‘I Hate (Love) Wikipedia’

‘I Hate (Love) Wikipedia’

Most academics I know are quick to condemn the value of wikipedia as a concept as well as content. When a new batch of undergraduates arrive at the university for the first time, professors are eager to warn them against the evils of the online encyclopaedia. They usually mention how unreliable are the entries, how impossible it is to identify the writer behind them, how the text does not engage in current debates. How justified are such comments?

I will not present you here with statistics or the research on the wikipedia phenomenon. Instead, I would like to share my personal experience. I have been editing wikipedia entries for the past few years. As you probably know, I am an expert in Roman history with a specialisation in imperial social and economic history. So, whenever I considered that an entry was not up to my standards or up to the latest research, I would ‘edit’ it. Are these entries less valuable to the educated public or the students or, indeed, other professors, because I wrote them anonymously?

Furthermore, a couple of years ago one of my students decided to run an impromptu experiment. He edited one of the entries and included a number of wrong information. Then he waited to see what happened. A few hours later the entry has been re-edited and the wrong information was removed. The crowd has spoken once more and the status quo was restored.

I do not claim that wikipedia could replace valid research. However, it is probably the best encyclopedia that ever existed and a living proof of the power of crowd-knowledge. I would strongly recommend it as a starting point for every student research project, since it includes the most basic information on most subjects. I would also recommend using it during my lectures, so that the students may be able to find more information on dates, events, places and people. Wikipedia is a great tool for interactive teaching.

What do you think?

Economic historian and numismatic consultant


  1. In a word, Jein. It’s pretty good for very basic factual information, such as the regnal dates of Trajan, which is the sort of stuff I can never be bothered to remember. It’s generally okay for marginally less basic factual information, so long as the subject hasn’t changed too much since the 1911 Encyclopedia Britannica, unless one is lucky enough to hit on a topic that someone like you has updated. I don’t think it’s a good starting-point for student research projects, unless they know absolutely nothing about a topic, precisely because – as you say – it is frequently pretty hopeless on current debates and research questions. That can be a serious problem, if the student then assumes that the way Wikipedia organises its discussion of a topic is the right way to think about it. I’ve used it in my teaching on many occasions, setting students to revise Wikipedia entries on a topic as an assessed exercise, and what strikes me is how often they make changes to individual sentences and expand discussions with more examples but retain the basic structure of topics, even if these make no logical sense and clearly don’t mesh with the way the topic is discussed in more up-to-date books. Because the structure is so clear (esp. compared with articles and books), it shapes their thinking and sets down tramlines along which all their subsequent research runs, and that is potentially bad.

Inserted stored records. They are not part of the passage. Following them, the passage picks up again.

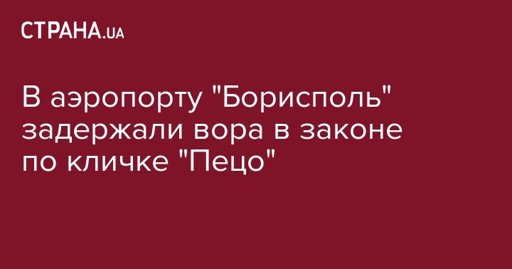 В международном аэропорту "Борисполь" по прибытию из Беларуси полиция задержала организатора российских вооруженных преступных группировок по прозвищу "Пецо". Об этом сообщает Департамент коммуникации Национальной полиции Украины, пишет официальный сайт Нацполиции.
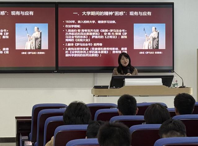首先,齐艳红梳理了青年马克思的成长轨迹。她介绍到,马克思在大学期间曾因信念缺位而陷入迷茫,转学至柏林大学后,理想信念支撑他直面哲学创作的困惑,过程中曾经因接触黑格尔哲学而短暂振奋过,也因理论无法解决现实问题而陷入苦恼过,是初心推动他持续求索。她以生动的故事告诉同学们理想信念是青春的“定盘星”。
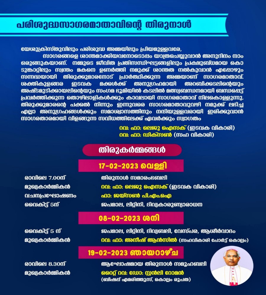 പരിശുദ്ധ സാഗര മാതാവിൻറെ തിരുനാൾ 17-02-23 വെള്ളിയാഴ്ച് മുതല് 19-02-23 ഞായറാഴ്ച വരെ
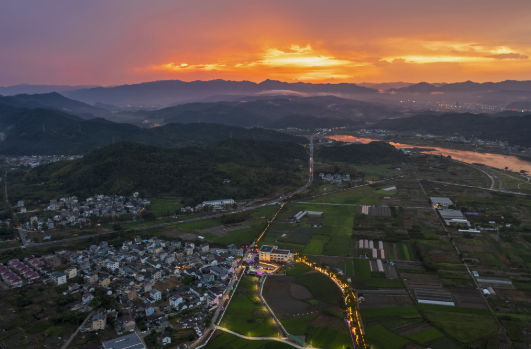 晚霞里的下枫槎村 图源:宁海县纪委监委
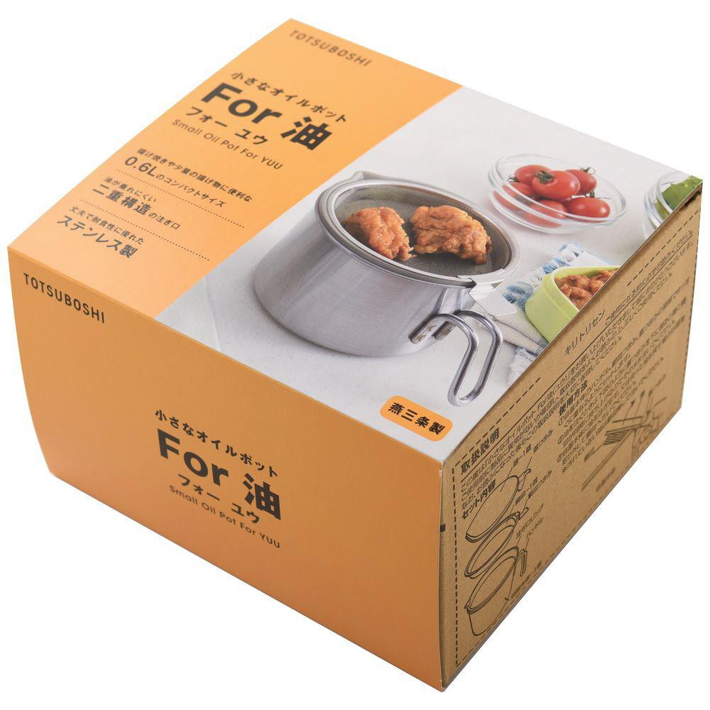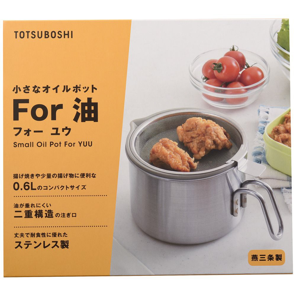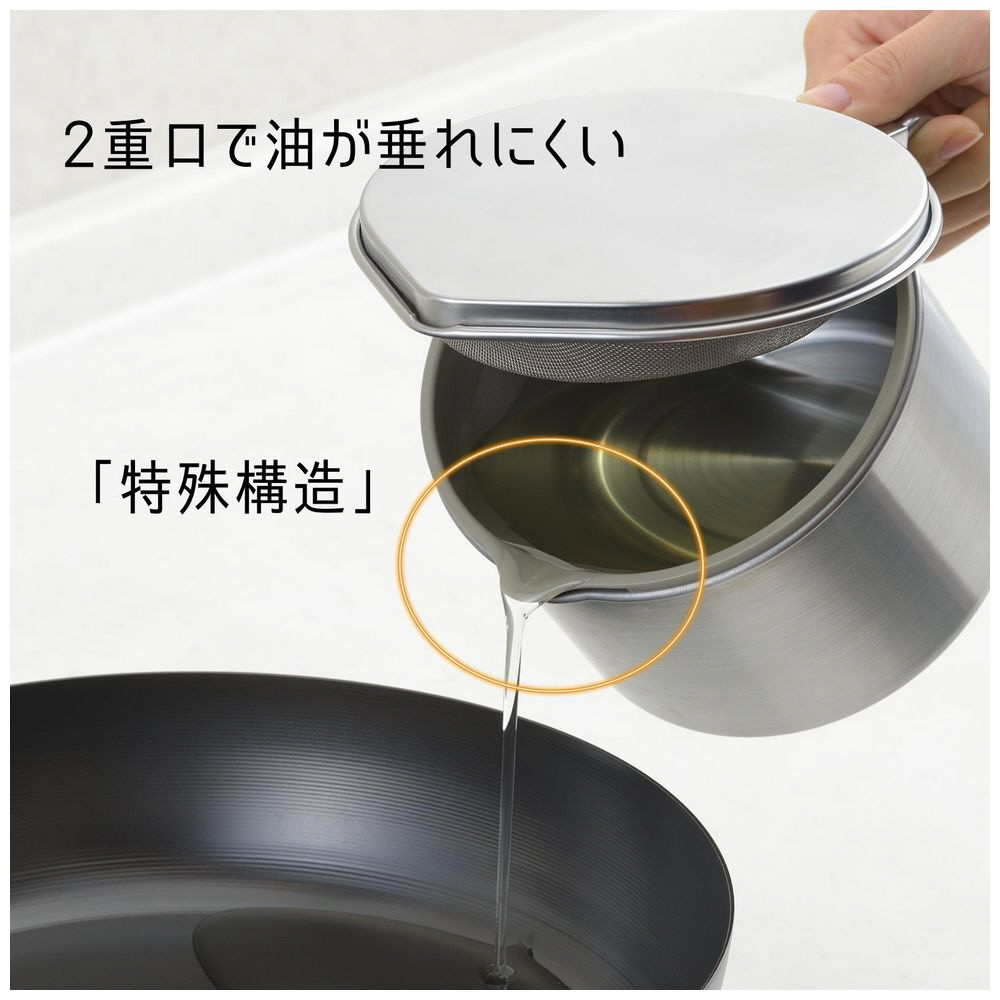 ■揚げ焼きや少量の揚げ物シーンに便利な適正容量600mlサイズの小型の油ポットです。

    I also suspect that we are lucky that most of the things we study are of little interest to the wider world, and certainly are not embroiled in major controversy; there is plenty of evidence that the Wikipedia entries on more controversial things can be very problematic – see this discussion, and the links: http://crookedtimber.org/2013/03/27/the-institute-for-cultural-diplomacy/. I don’t think I would be very confident about the reliability of the entry on Macedonia and its Greek identity, for example.

  2. Months ago PBS Newshour aired an interview with the founder of Wikipedia. At the question whether college and university professors were right in insisting that their student not use Wikipedia, he replied that college students should go to the library when they prepare their papers. This was for me a sufficient validation of my efforts to make my students understand that Wikipedia is not a god source. I sometimes use Wiki entries, but only when they are on my topic of research, which means that I can review them critically. I do explain my students the reason why I am presenting them with a Wiki entry, and the reason why they are not prepared enough to make the same educated selection–but I also warn them that in a few hours that very entry could be completely different. Colleagues have conducted interesting exercises in class on random entry use, have showed students the numberless mistakes they can take for reliable information, and have demonstrated how unreliable Wiki is. In addition, Wiki use is contrary to the application of writing and editorial convention; how do you footnote a Wiki information, if at any time anybody can cancel/edit/change it? How do you reconcile your effort to educate students to adopt the basic ruled of the Chicago Manual of Style with Wiki use? Conventional editorial rules are at the basis of writing ethics and of the awareness of writing responsibility; students must learn that, for the benefit of intellectual conversation, they are responsible for what they write and for making public their sources selection–all this becomes impossible when using Wiki, an everchanging ocean of wobbling references. It is evident to me that students who are keen to use Wiki do that because they do not want to do the real work. I had proof of that a few weeks ago when I gave my first, and last, take home exam.